PCOS Supplement Stack Builder
Check the symptoms that apply to you and pick your phenotype. Get an evidence-based stack with specific doses, timings, and what to leave out (the honest part most articles skip).
Based on the 2023 International PCOS Guideline
How this stack is built
Three inputs map to a personalised stack: your symptoms (multi-select), your PCOS phenotype, and whether you are already on metformin. The logic below runs locally in your browser; nothing leaves your device.
Foundational tier (always included)
Two supplements show up in almost every PCOS stack because the evidence and the deficiency rate justify it for the whole population:
- Vitamin D3: 67-85 percent of women with PCOS have a 25(OH)D below the optimal threshold. The 2023 International PCOS Guideline recommends checking and supplementing if low.
- Omega-3 EPA + DHA: Reduces inflammation, androgens, and improves insulin sensitivity in PCOS RCTs (Mohammadi 2012, Phelan 2011).
Targeted tier (added by symptom)
- Inositol (myo + DCI 40:1): Triggered by insulin or cycle symptoms. The most-studied PCOS supplement (Carlomagno 2014, Genazzani 2008, Nordio 2019). Lean phenotypes get the half-dose default.
- Berberine: Triggered by insulin symptoms only when you are NOT on metformin and NOT lean (berberine and metformin share the AMPK pathway; lean phenotypes can drop blood sugar too low).
- NAC: Triggered by cycle or TTC symptoms. Thakker 2015 meta-analysis showed ovulation improvement in PCOS.
- Spearmint tea + Zinc: Triggered by androgen symptoms (hirsutism, hormonal acne). Best-evidenced non-pharma anti-androgens.
- Magnesium glycinate: Triggered by mood or sleep symptoms. Best-tolerated form; supports sleep, anxiety, insulin sensitivity.
- Ashwagandha: Triggered by sleep or cortisol-driven symptoms. Chandrasekhar 2012 documented ~28 percent cortisol reduction.
- B12 (methylcobalamin): Added automatically if you are on metformin. Metformin depletes B12 in roughly 30 percent of long-term users (Aroda 2016).
- Iron: Only suggested as "test ferritin first" for hair-loss symptoms. Never supplement iron blind; excess iron is pro-inflammatory.
What we deliberately do not stack
- Berberine + metformin: Same AMPK pathway. Diminishing returns + worse GI side effects.

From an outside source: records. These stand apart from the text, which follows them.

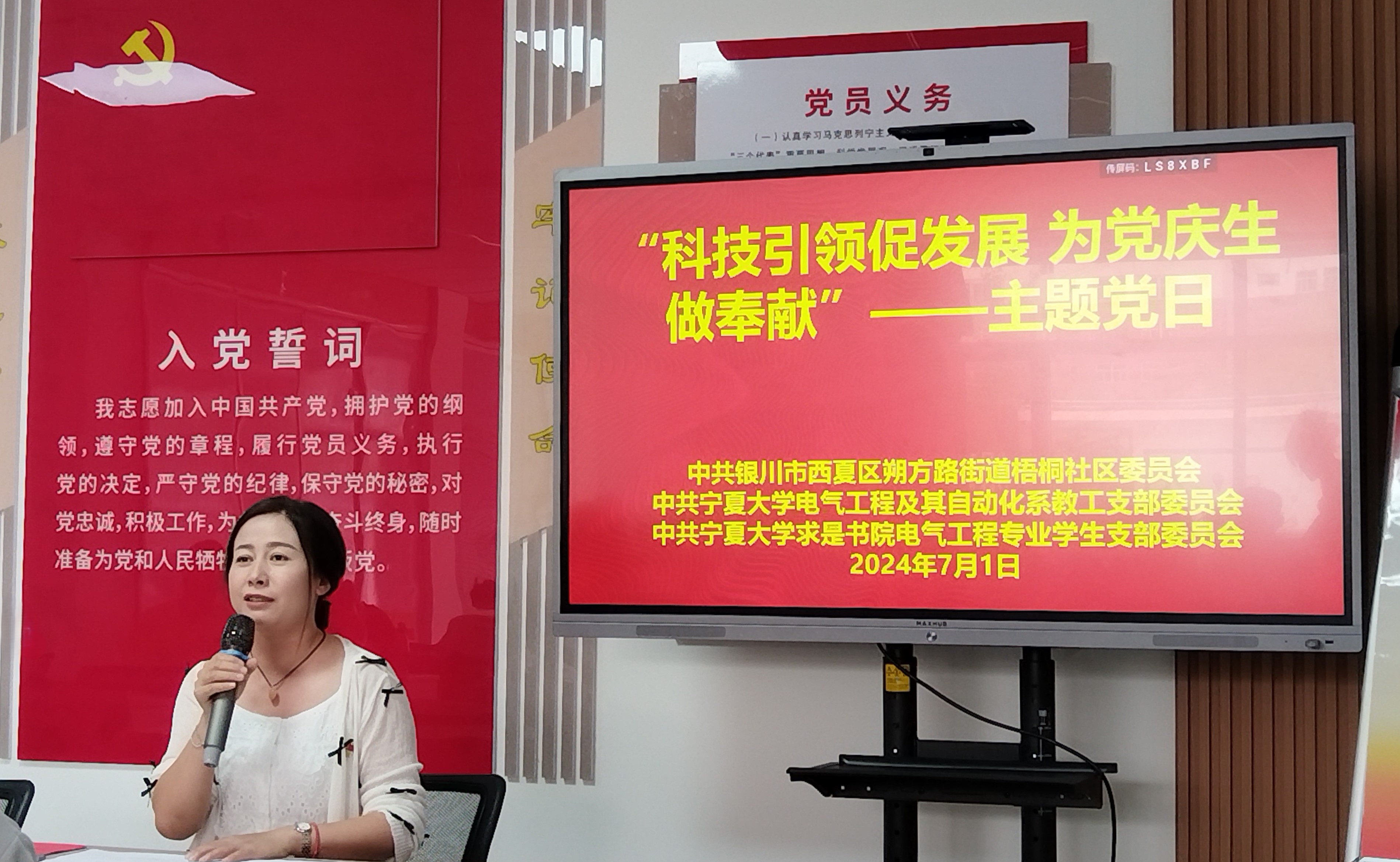 【电院讯 宋娟/文、图】为进一步强化党建引领,深化“高校+社区”合作共建模式,加强校社资源融合共享,推进校社党建工作创新提升,7月1日,Happy漫画 电气工程及其自动化系党支部联合求是书院电气工程专业学生党支部赴西夏区朔方路街道梧桐社区开展共驻共建活动。社区党委书记于婷、西夏区科协科普辅导员马晓云、电气工程及其自动化系党支部书记宋娟、求是书院电气工程专业学生党支部书记高文静及学生党员参加活动。
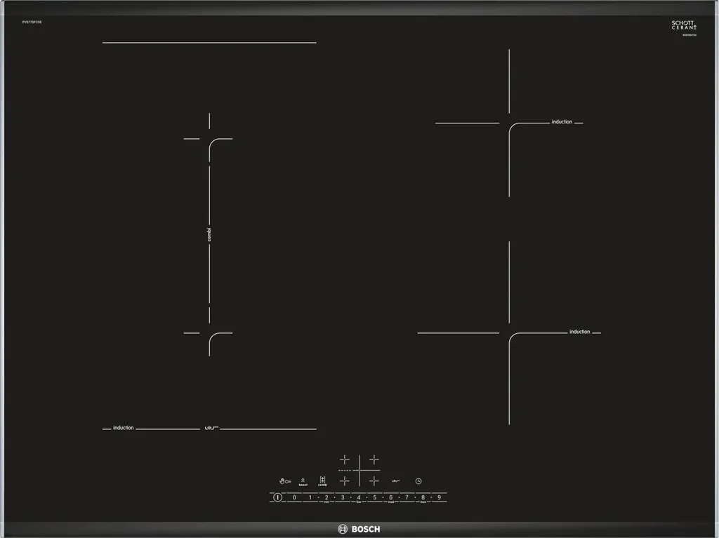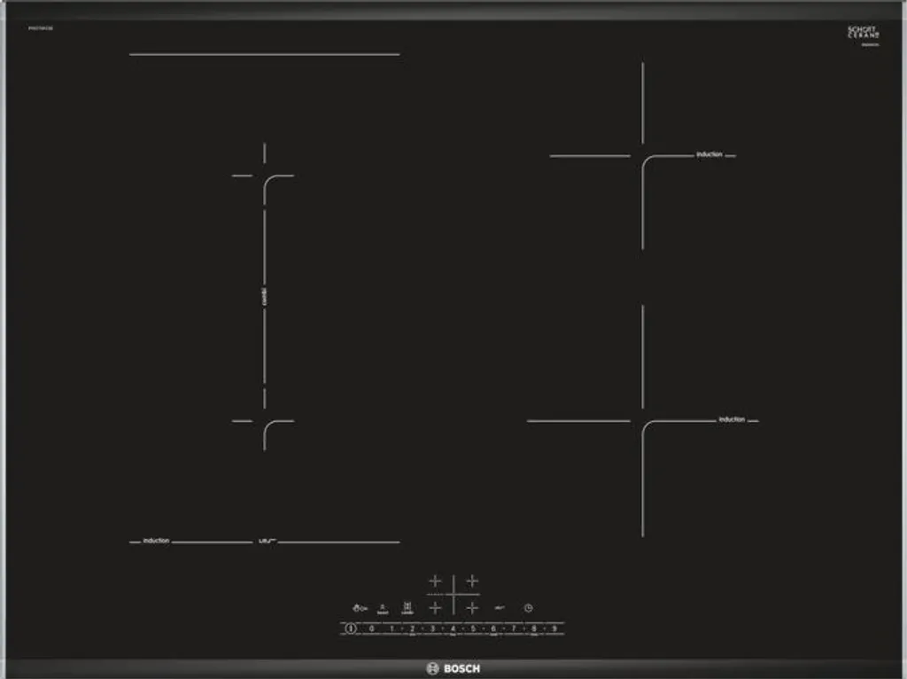 Bosch Serie 6 PVS775FC5E, Schwarz, Integriert, 70 Cm, Zonen-Induktionskochfeld, Glaskeramik, 4 Zone(n)
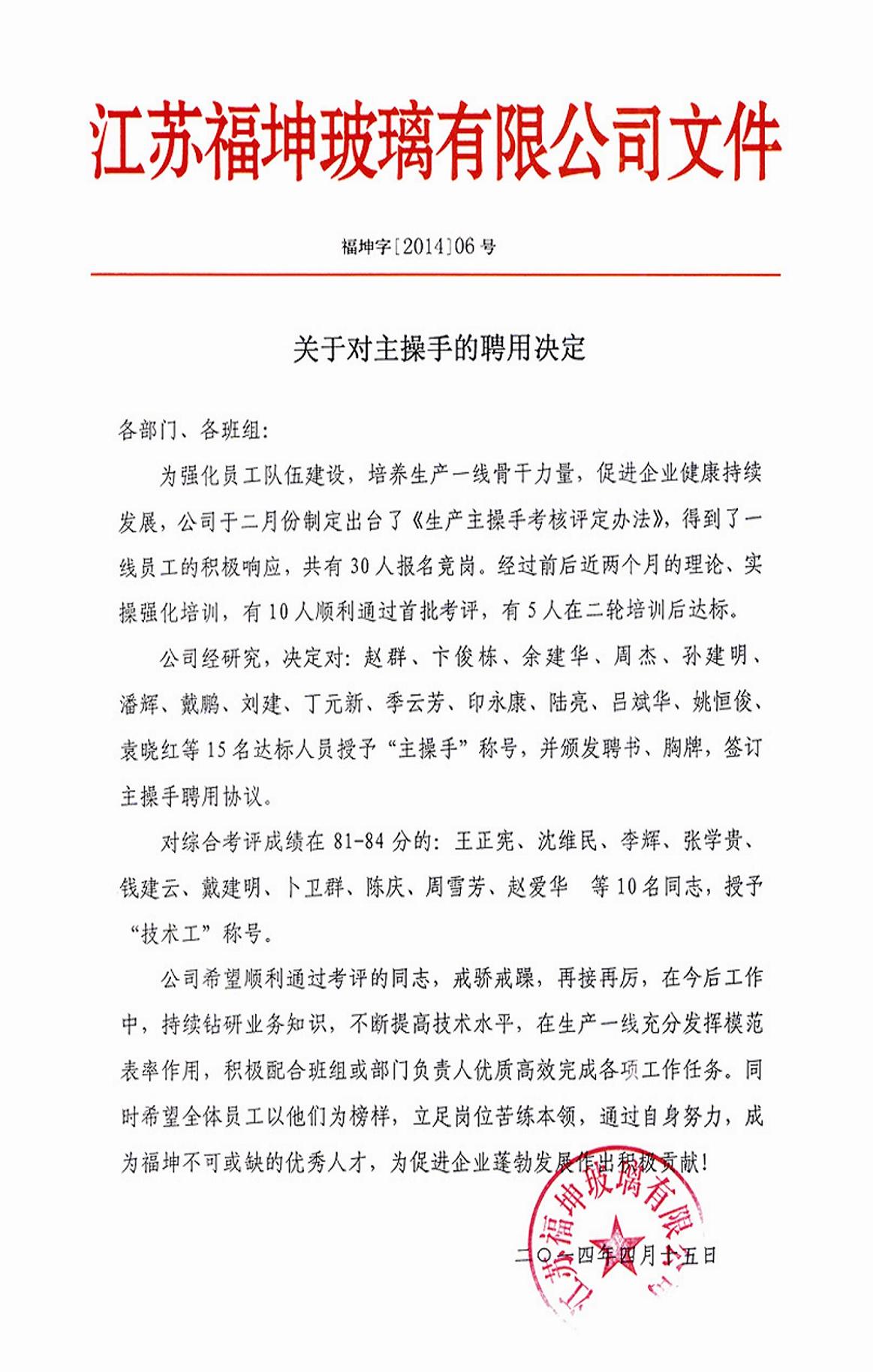 主操手聘用决定

- DCI without myo-inositol: High-dose DCI alone can impair ovulation (the "DCI paradox"). The 40:1 ratio matters.
- High-dose green tea extract (over 800 mg EGCG): Liver enzyme elevation risk. Spearmint tea covers the anti-androgen angle more safely.
- Iron without ferritin testing: Excess iron is pro-inflammatory. Always test first.
- Saw palmetto: Some women add it for hair loss. Evidence in PCOS specifically is weak; we leave it off.
This is not medical advice. Doses here are the most-studied starting points in published PCOS literature. Your endocrinologist or GP should sign off if you are pregnant, trying to conceive, on prescription medication, or have any liver, kidney, or thyroid condition. Quality matters: third-party-tested brands (USP, NSF, ConsumerLab) are worth the small price premium.